_MATERIAL PROVIDED:_
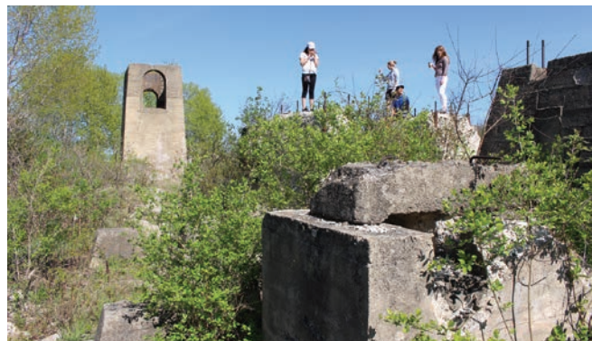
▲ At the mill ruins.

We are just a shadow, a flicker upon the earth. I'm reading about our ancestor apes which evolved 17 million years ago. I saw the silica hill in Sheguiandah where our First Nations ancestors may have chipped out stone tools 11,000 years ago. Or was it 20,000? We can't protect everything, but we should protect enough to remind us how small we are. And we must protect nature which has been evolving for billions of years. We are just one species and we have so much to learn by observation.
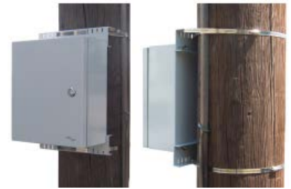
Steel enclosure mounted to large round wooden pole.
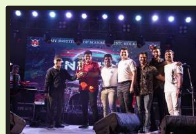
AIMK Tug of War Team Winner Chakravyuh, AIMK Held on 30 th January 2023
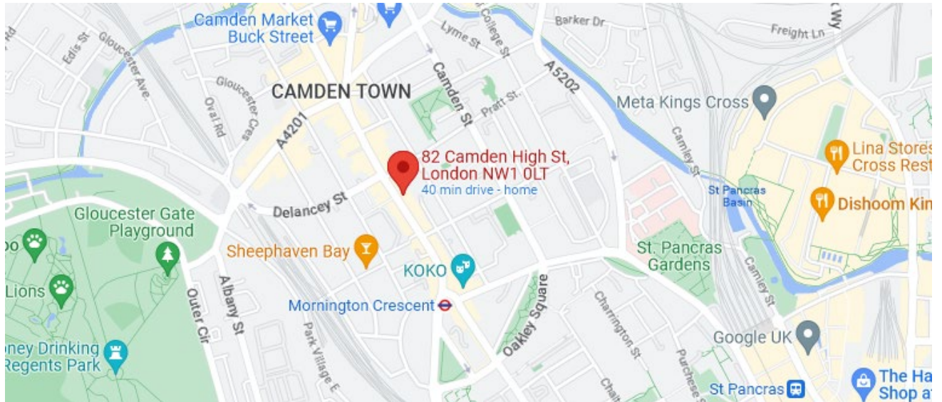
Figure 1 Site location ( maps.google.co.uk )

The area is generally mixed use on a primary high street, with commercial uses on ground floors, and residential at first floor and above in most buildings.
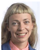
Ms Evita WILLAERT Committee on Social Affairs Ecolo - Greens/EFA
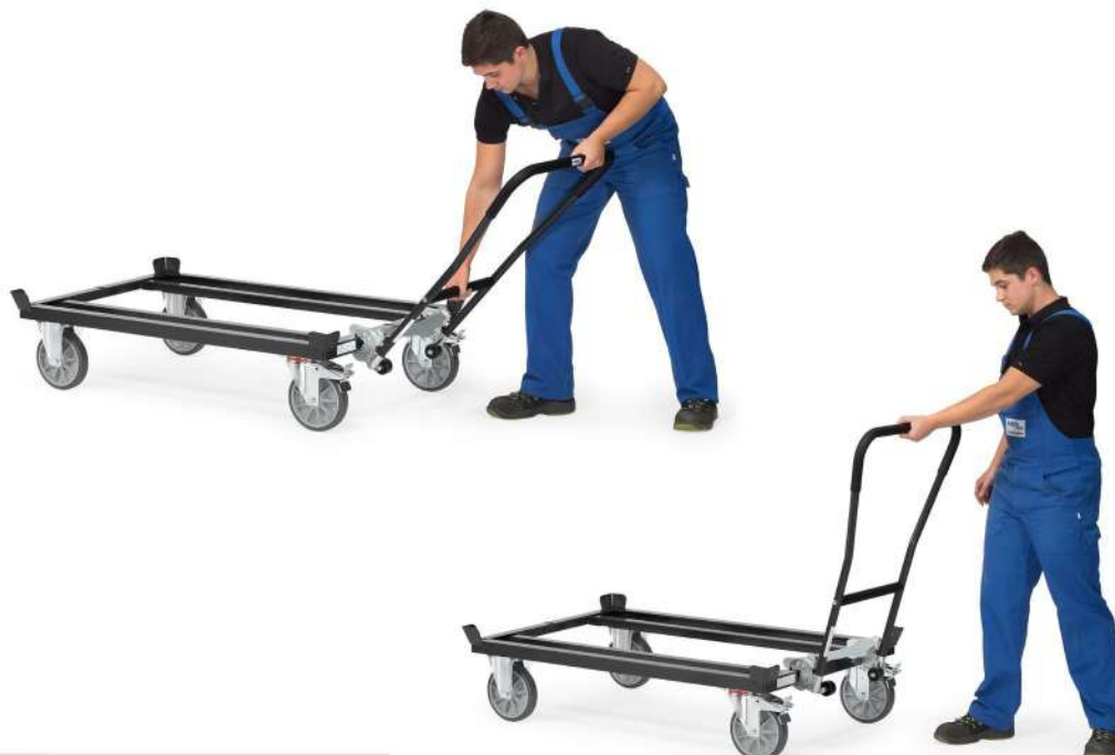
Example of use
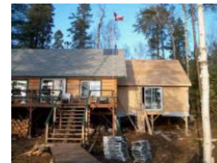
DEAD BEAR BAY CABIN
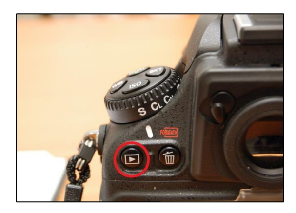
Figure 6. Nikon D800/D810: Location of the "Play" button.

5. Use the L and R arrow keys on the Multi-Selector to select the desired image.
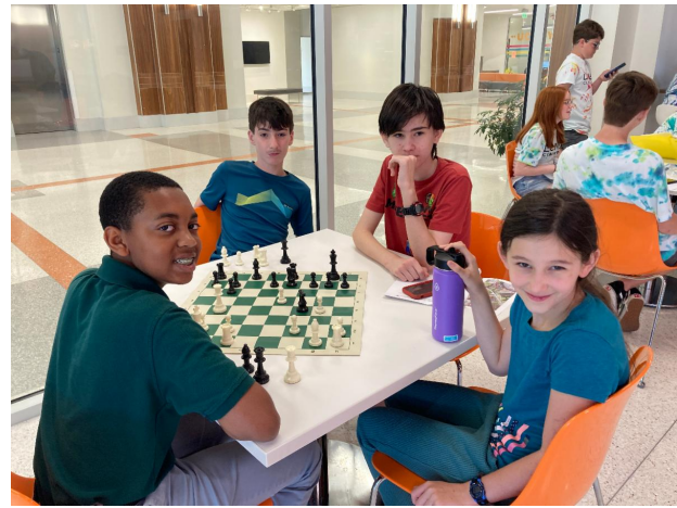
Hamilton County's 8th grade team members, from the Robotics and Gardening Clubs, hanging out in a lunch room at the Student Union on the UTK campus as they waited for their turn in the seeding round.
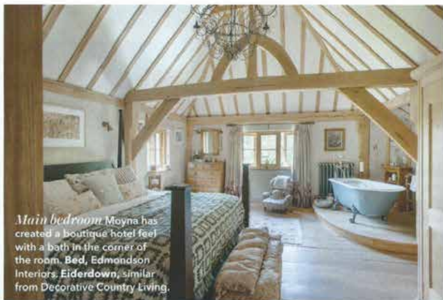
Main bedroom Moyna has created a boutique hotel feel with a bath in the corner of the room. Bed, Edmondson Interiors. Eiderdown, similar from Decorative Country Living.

_TASK ITEM:_
Leaving out all pictures, transcribe the listing exactly.

_EXERCISE OUTPUT:_
▲ At the mill ruins.

We are just a shadow, a flicker upon the earth. I'm reading about our ancestor apes which evolved 17 million years ago. I saw the silica hill in Sheguiandah where our First Nations ancestors may have chipped out stone tools 11,000 years ago. Or was it 20,000? We can't protect everything, but we should protect enough to remind us how small we are. And we must protect nature which has been evolving for billions of years. We are just one species and we have so much to learn by observation.
Steel enclosure mounted to large round wooden pole.
AIMK Tug of War Team Winner Chakravyuh, AIMK Held on 30 th January 2023
Figure 1 Site location ( maps.google.co.uk )

The area is generally mixed use on a primary high street, with commercial uses on ground floors, and residential at first floor and above in most buildings.
Ms Evita WILLAERT Committee on Social Affairs Ecolo - Greens/EFA
Example of use
DEAD BEAR BAY CABIN
Figure 6. Nikon D800/D810: Location of the "Play" button.

5. Use the L and R arrow keys on the Multi-Selector to select the desired image.
Hamilton County's 8th grade team members, from the Robotics and Gardening Clubs, hanging out in a lunch room at the Student Union on the UTK campus as they waited for their turn in the seeding round.
Main bedroom Moyna has created a boutique hotel feel with a bath in the corner of the room. Bed, Edmondson Interiors. Eiderdown, similar from Decorative Country Living.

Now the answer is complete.